Stored data:
==========
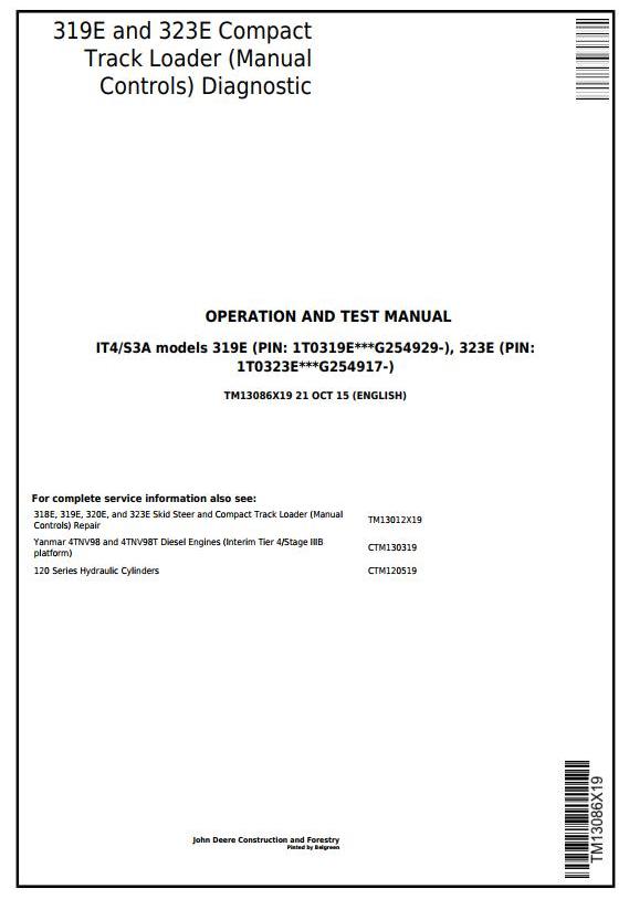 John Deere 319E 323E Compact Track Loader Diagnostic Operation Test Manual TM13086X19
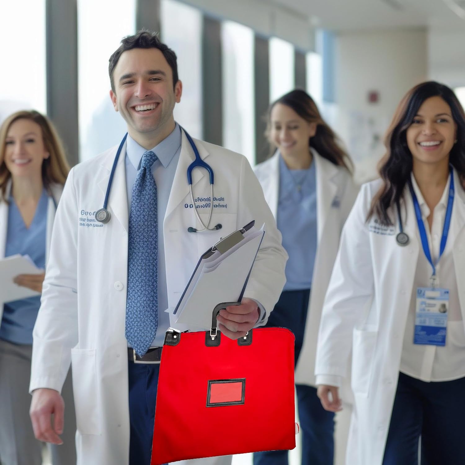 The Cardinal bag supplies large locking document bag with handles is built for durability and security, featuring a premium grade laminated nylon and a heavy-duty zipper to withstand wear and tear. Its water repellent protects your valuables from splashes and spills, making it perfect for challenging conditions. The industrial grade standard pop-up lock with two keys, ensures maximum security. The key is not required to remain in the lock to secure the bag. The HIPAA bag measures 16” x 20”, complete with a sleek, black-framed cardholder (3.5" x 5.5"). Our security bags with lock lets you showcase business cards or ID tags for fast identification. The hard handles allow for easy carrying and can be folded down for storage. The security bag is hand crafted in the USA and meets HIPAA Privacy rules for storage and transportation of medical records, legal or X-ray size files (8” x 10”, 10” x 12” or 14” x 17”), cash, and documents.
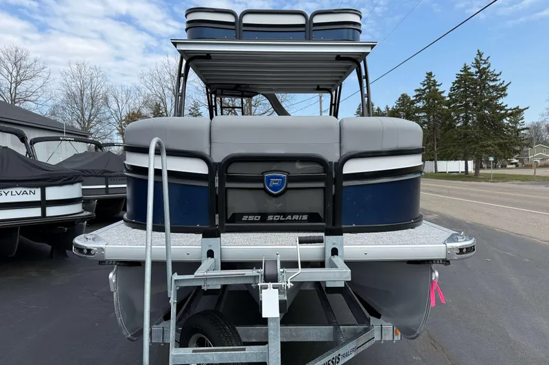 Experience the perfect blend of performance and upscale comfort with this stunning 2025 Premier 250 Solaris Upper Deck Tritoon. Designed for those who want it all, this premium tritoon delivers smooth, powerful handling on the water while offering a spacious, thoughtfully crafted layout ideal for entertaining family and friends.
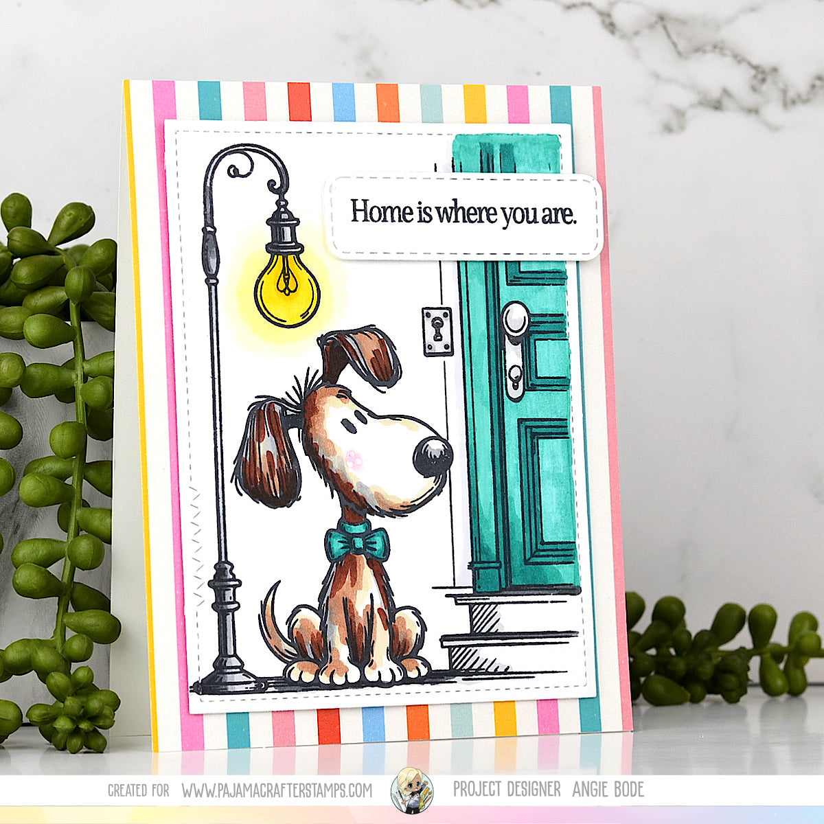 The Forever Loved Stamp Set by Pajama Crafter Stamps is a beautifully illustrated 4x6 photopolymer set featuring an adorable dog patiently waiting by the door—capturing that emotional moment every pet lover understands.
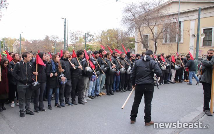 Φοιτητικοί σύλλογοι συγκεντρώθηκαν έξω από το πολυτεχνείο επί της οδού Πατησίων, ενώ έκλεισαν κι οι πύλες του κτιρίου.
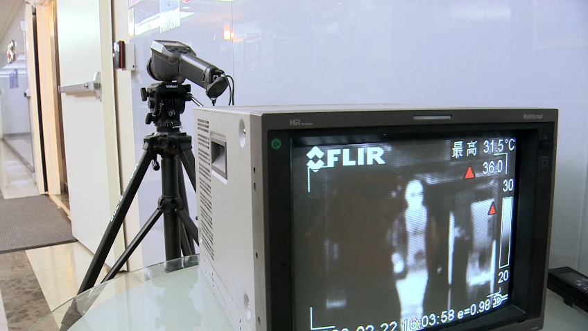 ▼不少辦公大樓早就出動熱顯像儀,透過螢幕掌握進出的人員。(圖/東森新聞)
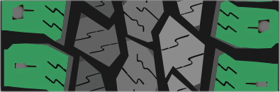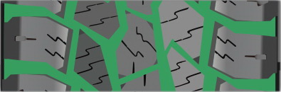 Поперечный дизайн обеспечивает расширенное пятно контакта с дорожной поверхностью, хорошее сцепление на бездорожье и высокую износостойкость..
==========
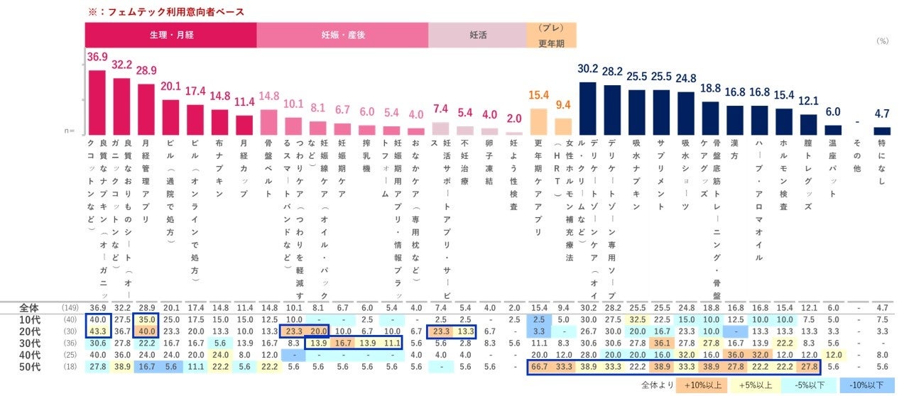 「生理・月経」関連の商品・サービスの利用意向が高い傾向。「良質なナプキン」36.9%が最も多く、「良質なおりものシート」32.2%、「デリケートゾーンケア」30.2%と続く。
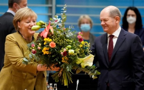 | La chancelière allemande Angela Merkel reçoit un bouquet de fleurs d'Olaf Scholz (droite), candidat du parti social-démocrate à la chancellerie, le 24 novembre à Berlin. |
==========
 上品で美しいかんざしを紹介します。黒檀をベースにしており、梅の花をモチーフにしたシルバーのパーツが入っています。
==========
Your assignment:
No picture is to be printed. Output exactly the lines above from the line containing "The Forever Loved" through the line containing "Поперечный дизайн обеспечивает".

Result of this exercise:
 The Forever Loved Stamp Set by Pajama Crafter Stamps is a beautifully illustrated 4x6 photopolymer set featuring an adorable dog patiently waiting by the door—capturing that emotional moment every pet lover understands.
 Φοιτητικοί σύλλογοι συγκεντρώθηκαν έξω από το πολυτεχνείο επί της οδού Πατησίων, ενώ έκλεισαν κι οι πύλες του κτιρίου.
 ▼不少辦公大樓早就出動熱顯像儀,透過螢幕掌握進出的人員。(圖/東森新聞)
 Поперечный дизайн обеспечивает расширенное пятно контакта с дорожной поверхностью, хорошее сцепление на бездорожье и высокую износостойкость..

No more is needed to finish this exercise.